Last year a Companies House representative provided this clarification (by email to Robert Whittaker):

I can confirm there are no restrictions on the use of the data provided within the Free Company Data Product … As public information, you are free to use it however you wish.

And in a Freedom of Information response (to Stuart Harrison):

CH does not make public information, including the Free Data Product, available under the Open Government Licence (OGL)….

Most of the material on the companies register, with the exception of a small category of material which is exempt from statutory disclosure requirements, is “public information” that the Registrar of Companies is under a statutory obligation to make available to the public. Where information on the register is supplied by a company or someone acting on its behalf, any copyright in that information belongs to that company (or its agents). It does not belong to the Registrar. The Registrar supplies this third party copyright information to customers under authorities given to him under s47 and s50 of the Copyright, Designs and Patents Act 1988 and Schedule 1 of the Database Regulations (SI 1997/3032).

CH places no restriction on how the information is used, but advises all customers to take their own legal advice regarding possible breach of third party copyright.

A second example: data on business costs and expenses claimed by MPs, available as downloads from the IPSA website. Availability for reuse is covered by a single sentence in a FAQ document:

The information is released publicly and without restriction.

In both examples there is no specified licence. But does there need to be one?

The public domain

The Open Data Institute’s guide to open data goes somewhat further than the Open Definition, by saying that “without a licence, the data can’t be reused.”

Technically that statement is wrong. There is an alternative case: the data can be in the public domain, because IP rights do not apply or have expired or been forfeited.

In principle, if a dataset is in the public domain then reuse is unfettered. Even the few restrictions normally imposed by an open licence, such as the requirement to attribute the data to its source, do not apply.

But ‘public domain’ is a tricky concept. In the United States, where works of the federal government are excluded from copyright protection, this term has a recognised status in copyright law. However in the UK it is mainly a colloquialism. There is no statutory process for waiving IP rights and placing a work into the commons.

In practice, in order to reuse a dataset openly we either have to establish permission or establish that no permission is required. The usual approach is for the publisher to apply an open licence to the dataset. But in order to make data available under licence the publisher must actually believe they have IP rights in that data. Otherwise they have no standing to give anyone permission to use the data (or to restrict its use).

A licence provides clarity

The approach taken by Companies House and IPSA is unsatisfactory because it is ambiguous. On the face of it, blanket statements that the data may be used “without restriction” have the virtue of simplicity. But does that mean Companies House and IPSA have no IP claims on the data, or do those statements actually operative as ad hoc licences? It’s not clear.

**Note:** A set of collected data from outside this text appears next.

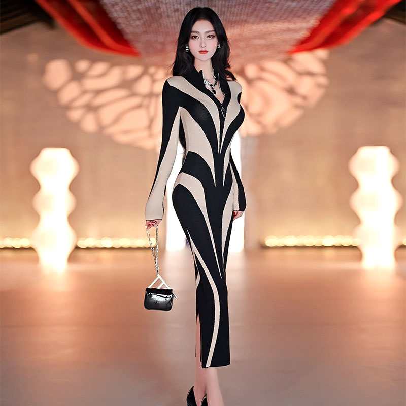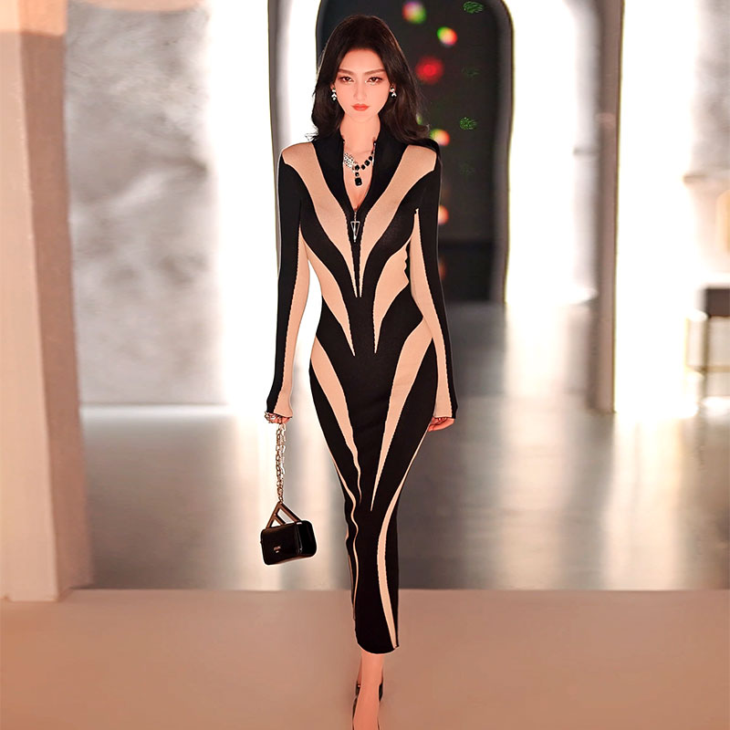 冬季欧美气质显瘦收腰针织裙新款半拉链开襟长款毛衣连衣裙
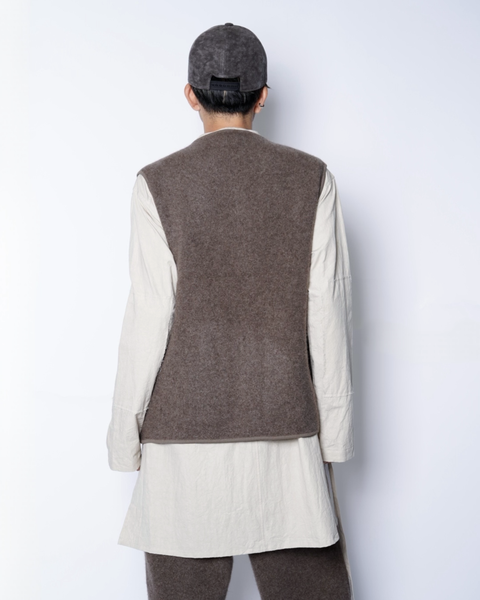 ・walenodeの代名詞である、"イノセントヤク"の上質な質感がしっかりと活きるように、ベーシックなベストの意匠で構築。
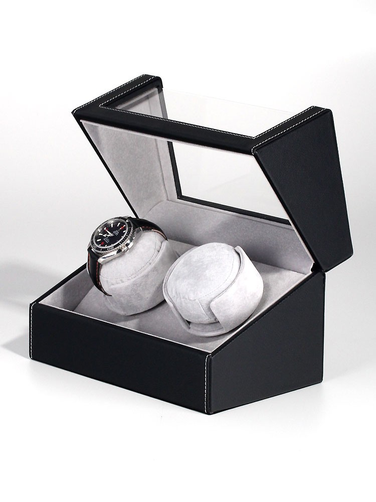 Roth Watch Winder RS-2114-BK h2> Compact winder for 2 watches, with extra silent motor, and 4 programs to choose from. The housing is high quality workmanship and covered with black PU leather. The Interiör is lined with light velvet. The watches holder (pillow) is very flexible and adapts well to any size, so that even little ladies watches can be spanned.

Although the records of individual companies are third-party information, Companies House could assert database rights over the register of companies as a whole, and possibly also copyright over the system of uniform resource identifiers (URIs) assigned to each company. That would give CH the necessary IP ownership to apply the Open Government Licence to the Free Company Data Product.

The OGL does not override any other copyright or database right exceptions, so (as far as I can see) this approach would not conflict with the statutory status of the register of companies as a public register.

Similarly IPSA could regularise its data downloads by applying the Open Parliament Licence.

Another option is the Creative Commons Zero (CC0) licence, which is designed specifically for IP owners who want to dedicate copyrighted works as nearly as possible to the public domain.

This change of approach would provide greater clarity to reusers by bringing the CH and IPSA datasets into a recognised open data framework.

Where producers genuinely believe they cannot assert IP rights over the data they make public, but want to encourage open reuse, it would be good practice to provide as clear as possible a statement to that effect. This would give reusers an assurance that the data is okay to use (subject to due diligence on third party rights and other issues) and that the producer commits not to apply restrictions on reuse retroactively at a later date.